Stored dataset items:
_ _ _ _

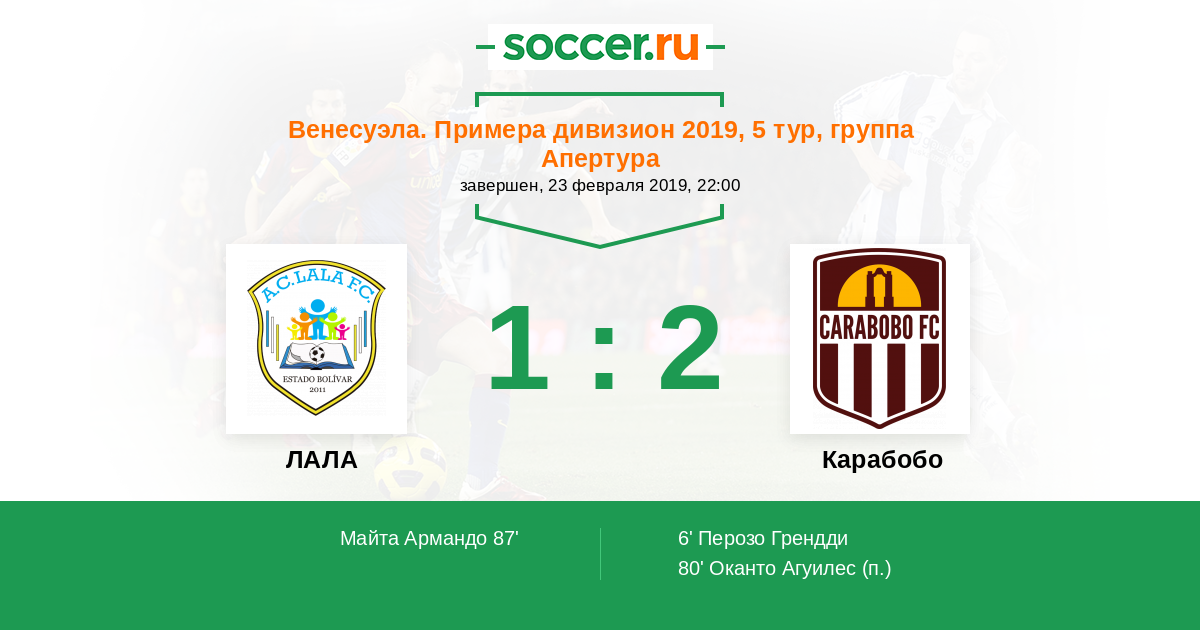 Протокол матча ЛАЛА против Карабобо
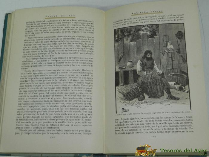 ANTIGUO LIBRO DE ROBINSON CRUSOE, ED. SATURNINO CALLEJA, BIBLIOTECA PERLA, PRIMERA SERIE III, 285 PAG. ILUSTRACIONES DE PICOLO, LOMO UN POCO ROZADO.
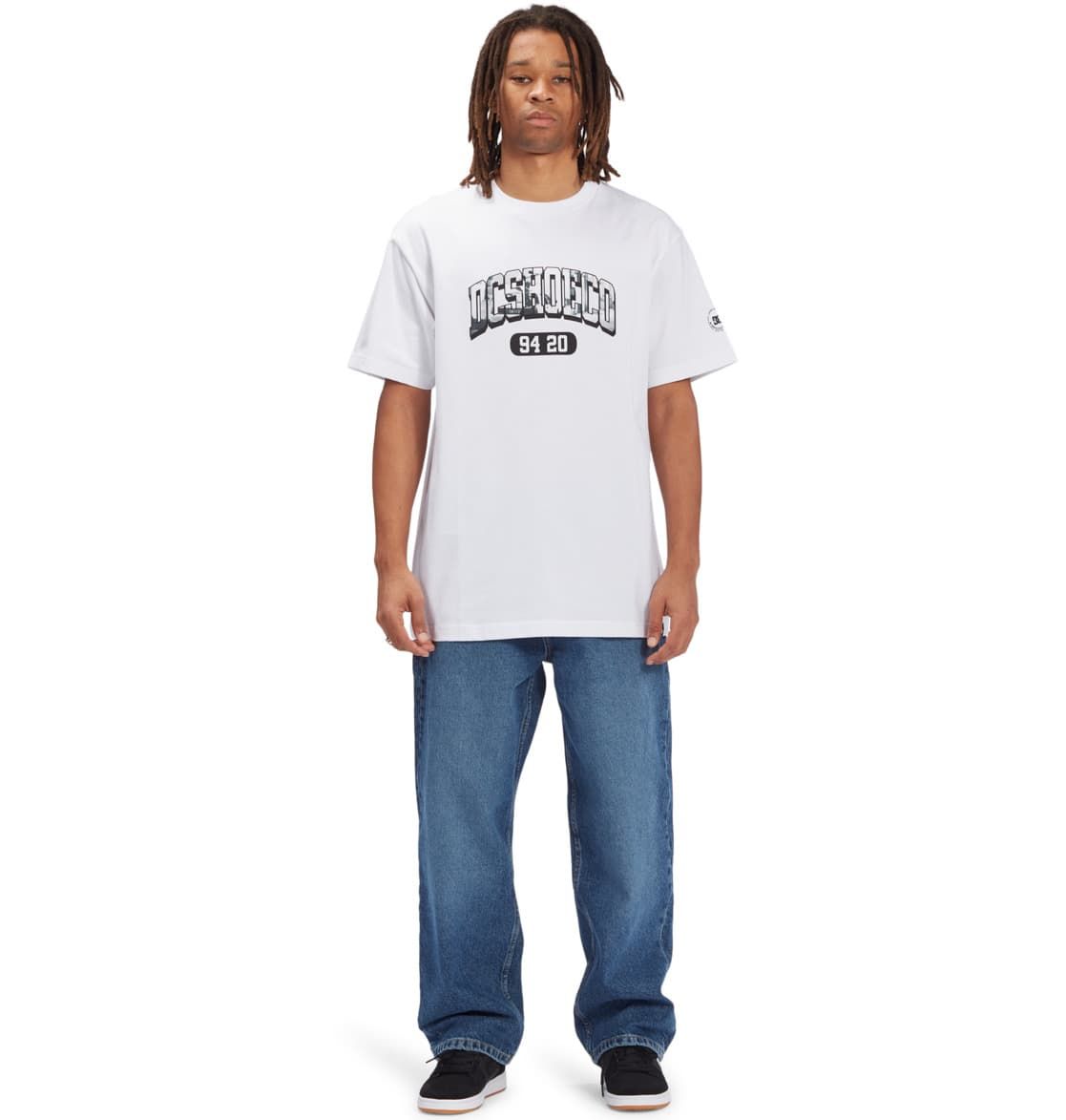 Esta camiseta de corte ajustado cuenta con cuello redondo, manga corta, un estampado DCSHOECO en Plastisol en el pecho, el logo de DC serigrafiado con tinta de alta densidad en la manga izquierda y una etiqueta con el logotipo de la marca cosida en el dobladillo.
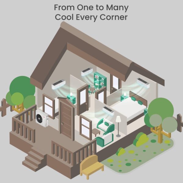 - Individual Temp. Control: Manage temperatures in two spaces using one 30,000 BTU outdoor unit with one 12,000 BTU indoor unit and one 24,000 BTU indoor unit. Customize temperatures from 61-86℉ and select different modes for each room to meet varying needs.
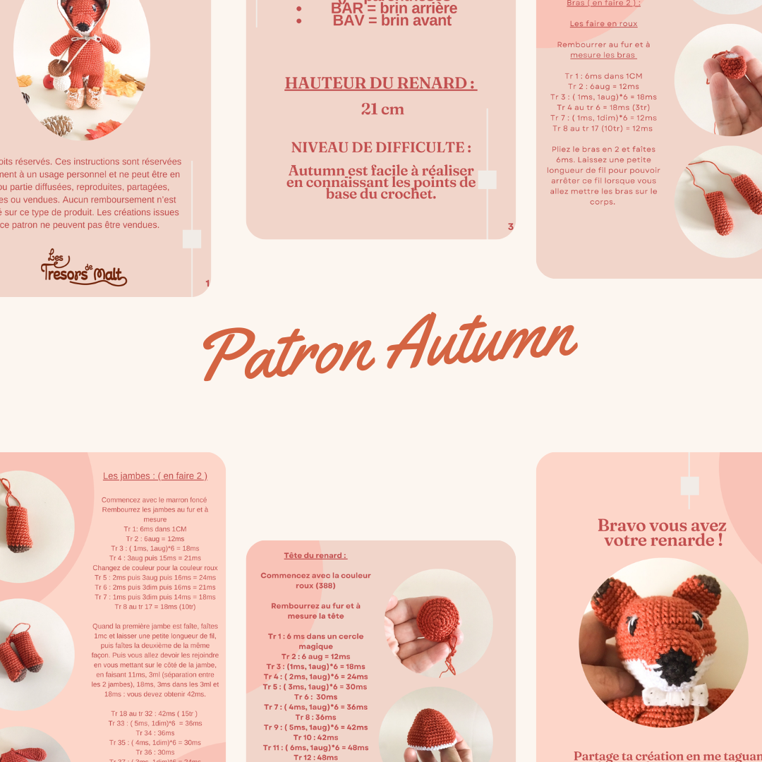 • Une carte avec la photo de la renarde et au dos de celle-ci vous trouverez le qr code pour le patron écrit en PDF avec des instructions claires, illustrées et détaillées

_ _ _ _

_Try it_
Set down the records above exactly as written, beginning with the first line and ending with the line that contains "Esta camiseta de", and do not include pictures.

_Solution for this task_
 Протокол матча ЛАЛА против Карабобо
 ANTIGUO LIBRO DE ROBINSON CRUSOE, ED. SATURNINO CALLEJA, BIBLIOTECA PERLA, PRIMERA SERIE III, 285 PAG. ILUSTRACIONES DE PICOLO, LOMO UN POCO ROZADO.
 Esta camiseta de corte ajustado cuenta con cuello redondo, manga corta, un estampado DCSHOECO en Plastisol en el pecho, el logo de DC serigrafiado con tinta de alta densidad en la manga izquierda y una etiqueta con el logotipo de la marca cosida en el dobladillo.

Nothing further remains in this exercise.